What is being asked
In the records below, the relevant part opens with the line containing "Geometric Aztec Southwestern" and closes with the line containing "အလင်းမှိန်ခြင်းလုပ်ဆောင်ချက်- DALI-2 နှင့်"; print that part exactly and only, without its pictures.

(Data provided begins)

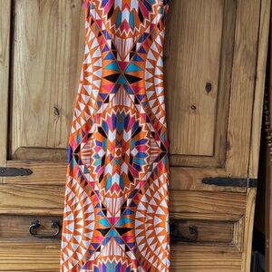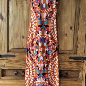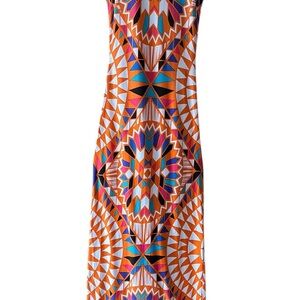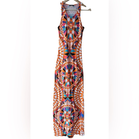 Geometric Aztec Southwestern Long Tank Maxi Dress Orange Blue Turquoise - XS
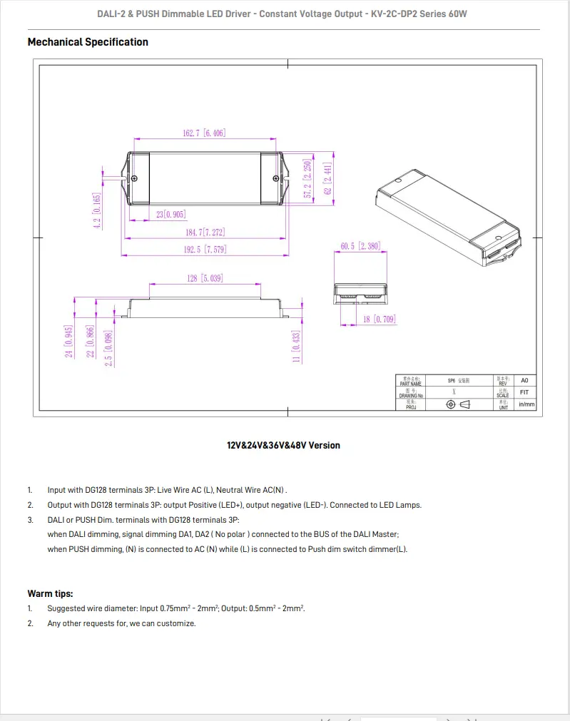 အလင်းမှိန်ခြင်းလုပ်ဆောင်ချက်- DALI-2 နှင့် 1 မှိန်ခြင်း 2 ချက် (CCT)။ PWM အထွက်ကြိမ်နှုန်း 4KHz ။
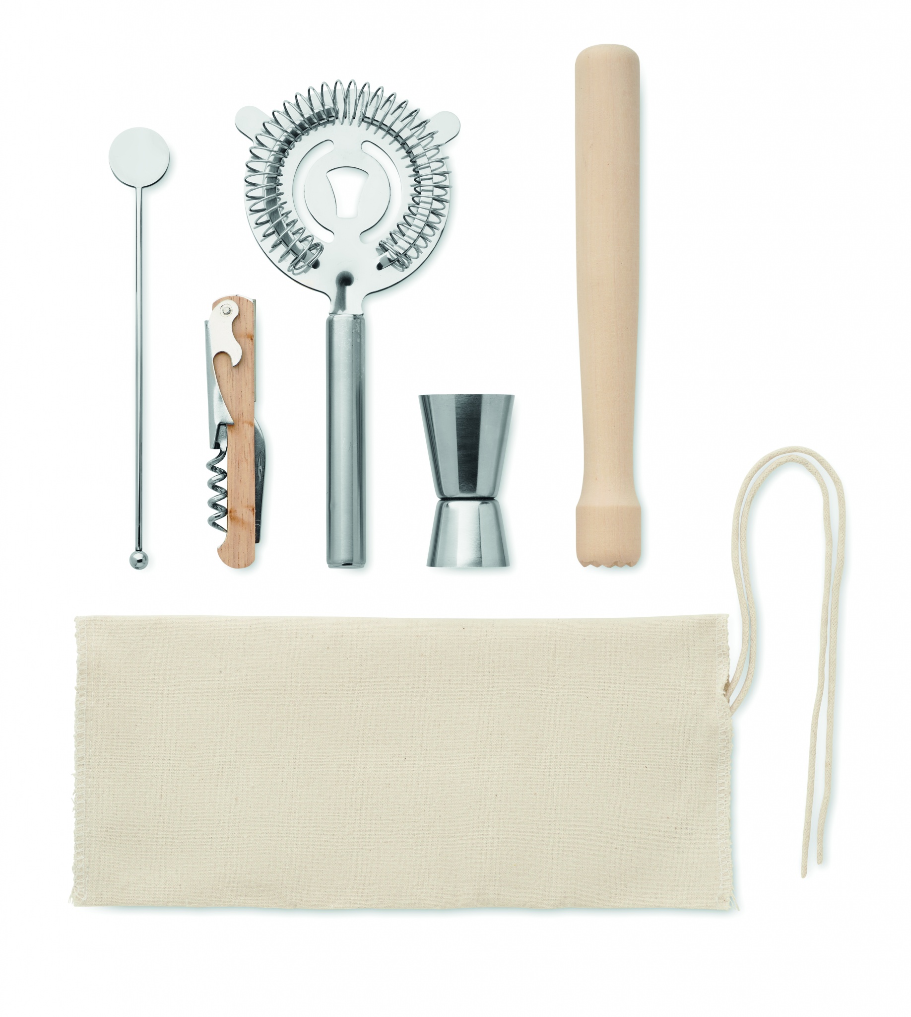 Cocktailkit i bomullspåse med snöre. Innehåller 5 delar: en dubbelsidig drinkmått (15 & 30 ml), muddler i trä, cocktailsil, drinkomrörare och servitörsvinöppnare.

(Data provided ends)
(Data provided begins)

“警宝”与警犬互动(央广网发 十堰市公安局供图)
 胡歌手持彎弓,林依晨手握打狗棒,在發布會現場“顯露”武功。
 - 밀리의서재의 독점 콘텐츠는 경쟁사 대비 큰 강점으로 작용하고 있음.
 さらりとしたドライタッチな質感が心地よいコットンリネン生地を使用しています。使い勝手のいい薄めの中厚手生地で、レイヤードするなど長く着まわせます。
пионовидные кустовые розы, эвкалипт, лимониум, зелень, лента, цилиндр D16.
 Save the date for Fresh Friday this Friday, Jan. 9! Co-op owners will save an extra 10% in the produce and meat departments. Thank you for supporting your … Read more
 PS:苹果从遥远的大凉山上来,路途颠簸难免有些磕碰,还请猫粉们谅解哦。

(Data provided ends)

Written answer
 Geometric Aztec Southwestern Long Tank Maxi Dress Orange Blue Turquoise - XS
 အလင်းမှိန်ခြင်းလုပ်ဆောင်ချက်- DALI-2 နှင့် 1 မှိန်ခြင်း 2 ချက် (CCT)။ PWM အထွက်ကြိမ်နှုန်း 4KHz ။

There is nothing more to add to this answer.